Он надел лямки, дернул слипшиеся меха. Из зала Елена подняла голос:

– Зубарев! Ты с ума сошел? Время полвторого!

Вместо ответа Геннадий заиграл и громко, словно куражась, запел:

 
Спорить, милая, не ста-ану
Знаю сам, что говорю.
С неба звездочку доста-а-ну
И на память подарю.
 

Дальше было!.. Тварь! Пьяная морда! Саня, не обращай внимания!..

Саня шел по пустым темным улицам. Шапка осталась где-то в шкафу. Искать ее он не стал. На душе было пусто и тоскливо.

Гусиха

Большим и веселым селом было когда-то Никольское. Две сотни серых бревенчатых домов рассыпались по обеим берегам речки Каменки, с легкой и чистой водой, запруженной двумя плотинами, на одной из которых стояла мельница. С большака, выбегавшего перед селом из низины и бежавшего дальше, в центр волости, село открывалось сразу. Радостно, празднично голубел на холме, огибаемом речкой, купол небольшой, аккуратной церквушки Николы с золотящимися на храмовой маковке и колокольне крестами. Дома и с церковной, Верхней, как ее называли в селе, стороны, и с Нижней Никольской, стояли одним порядком и глядели через речку друг на дружку, на церковь и просторные перед ними зеленые выгоны с вечными, как казалось, гусями, привязанными козами и бегающими ребятишками. Перед церковью дома Верхней стороны разбегались, сделав полукруг и скромно, по-семейному, по-детски стояли возле матери-церквушки, окруженной низкой каменной оградкой.

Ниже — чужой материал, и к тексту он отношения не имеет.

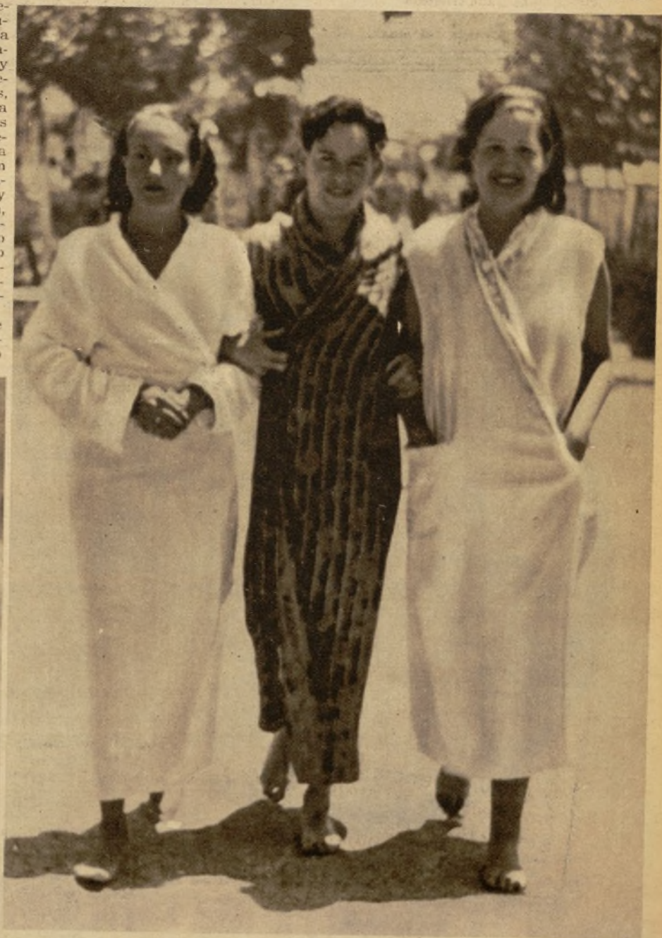
Hasta esta pequeña está comprendida en la nueva disposición

moderno, del que se encapricharán muchas clientas.

Таким Гусихе село помнилось давно, с далекого теперь детства. С тех пор пробежало по нему тревожное время, уводя за собой на войну, в недалекую столицу или в райцентр сначала мужиков, а потом и детей. Муж Гусихи, молодой веселый мужик, успел лишь выстроить дом, родить дочку и, прожив с Гусихой четыре года, не дождавшись рождения сына, ушел в Гражданскую и пропал, не подав весточки. Девочка, Анютка, родилась слабенькой и в голод померла, а через неделю после ее смерти у Гусихи родился мальчик. Так и не дождавшись мужа, жила Гусиха одна, работая без продыху в колхозе и воспитывая своего Ванюшку, но и того забрала потом война.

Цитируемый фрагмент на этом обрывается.